Let’s be honest. While July Fourth is supposed to be a huge celebration of our nation, this one is a little more complicated. Half of those polled by Pew believe that the best years of the United States of America are behind us. Gallup reports the number of Americans “satisfied” with their freedoms is declining, and eight in 10 think that government is inherently corrupt. Flag-waving belief in “American Exceptionalism” is corroding.
Clearly, the years of political buffoonery and the never ending disclosures of government fecklessness, combined with private-sector cheating, has taken a toll — a serious toll. The sad results are on display in the many metrics that show us slipping. From education to health care to hunger to distribution of wealth, we’re down in the pack. No amount of jingoistic platitudes can cover that up.
On any given day, we see reports of agencies frittering away hundreds of millions — or billions — in taxpayer dollars, bungling their missions in the most obnoxious way. It has come to the point that when a study details how the Department of Veterans Affairs has betrayed the veterans who have given so much defending the American dream, we simply shake our heads.

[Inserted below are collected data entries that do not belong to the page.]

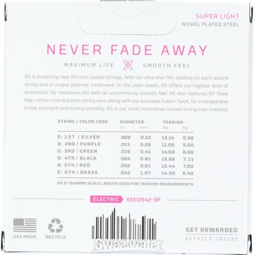 XS is breathing new life into coated strings. With its ultra-thin film coating on every wound string and unique polymer treatment on the plain steels, XS offers our highest level of protection for maximum life with an uncommonly smooth feel. XS also features NY Steel high carbon core and plain string wire, along with our exclusive Fusion Twist, for incomparable break strength and tuning stability. XS is the most innovative coated string ever created.
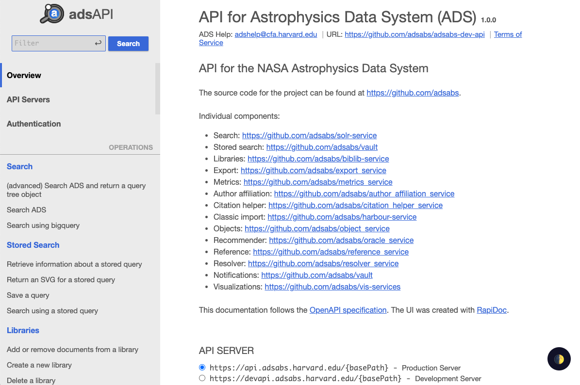 ADS’s API, or application programming interface, is the service that accepts requests and returns the requested information. For example, when a user searches in ADS, the website sends a search request to the API, which performs the search and returns...
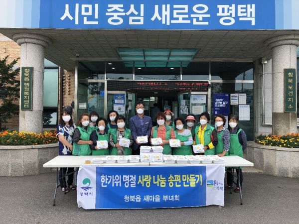 [충청뉴스큐] 평택시 청북읍 새마을부녀회는 23일 청북읍행정복지센터에서 추석을 맞아 관내 독거노인과 장애인 등 소외된 이웃 35세대에 온정을 전하고자 송편을 전달하는 뜻깊은 행사를 마련했다.
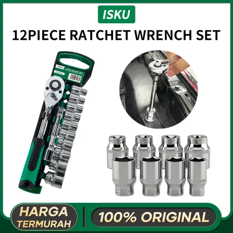 ISKU Kunci Socket Wrench 12pcs 1/2 Inch Kunci Shock Set Kombinasi
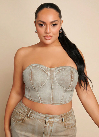 Цей ультра-кроп джинсовий топ має середній колір, дизайн без рукавів та виріз на бретелях. Він може похвалитися бахромою та еластичною тканиною для комфортної посадки. Стиль характеризується своєю сексуальною привабливістю та мікрокропом-довжиною, що робить його ідеальним для літніх модних заходів або фестивалів вуличної музики.
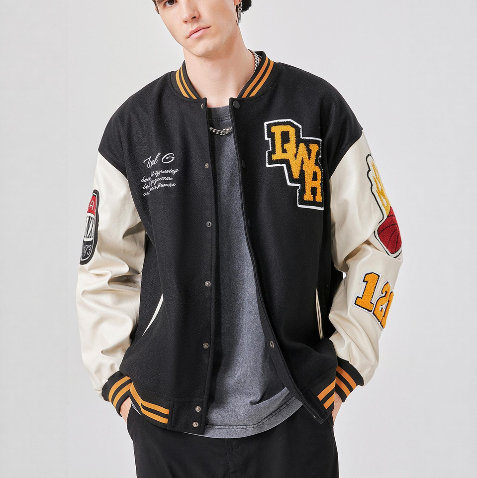 Veste de baseball de haute qualité avec logo personnalisé, col montant, style streetwear, logo sur le devant, broderie chenille OEM, unisexe

The sense of futility is the same when still another bank is slapped on the wrist for contributing to the economic collapse by breaking what flimsy rules exist.
We take as a given that the big-money interests control a system that is supposed to protect against their excesses. And when a challenge confronts them, whether it’s the Occupy movement on the left or the tea party on the right, the fat cats chip in to defeat the troublemakers.
Meanwhile, those in power make a mockery out of the longstanding claim that we have a right to privacy. We are regularly flogged with evidence that our spies spend a huge part of their time spying on us. Meanwhile, they’re surprised when a ragtag group of extremists suddenly takes over huge chunks of Iraq, startling our intelligence leaders with their emergence from plain sight.
Over at the Supreme Court, a majority of justices has given business favored status in this country with rulings that define corporations as people with more rights than the lesser people who work for them. The largest assault comes in the Hobby Lobby case, with the 5-4 ruling that the owners’ religious preferences trump the health of the women who work for them, allowing the company to refuse because of their faith to pay for contraception as required in the health-care law. What’s next, wondered dissenting Justice Ruth Bader Ginsburg, “Would the exemption … extend to employers with religiously grounded objections to blood transfusions (Jehovah’s Witnesses); antidepressants (Scientologists); medications derived from pigs, including anesthesia, intravenous fluids and pills coated with gelatin (certain Muslims, Jews, and Hindus); and vaccinations[?].”
Perhaps as they approached this July Fourth, they were thinking about the Declaration of Independence and its stirring proposition that, “We hold these truths to be self-evident, that all men are created equal, that they are endowed by their Creator with certain unalienable Rights, that among these are Life, Liberty and the pursuit of Happiness.” The problem seems to be that the all-male Supremes majority apparently took that to mean that only “men are created equal,” that protection for women isn’t a responsibility of employers who want to foist their beliefs on them. Granted, the Bill of Rights, with its Establishment Clause didn’t come until several years after the independence we celebrate, but it is supposed to be part of our nation’s fabric.
Those of us who are in love with this country and its ideals are mourning the fact that we seem to be unraveling. We need to remember our promises. This July Fourth may be the perfect time to start.
Bob Franken is a longtime broadcast journalist, including 20 years at CNN.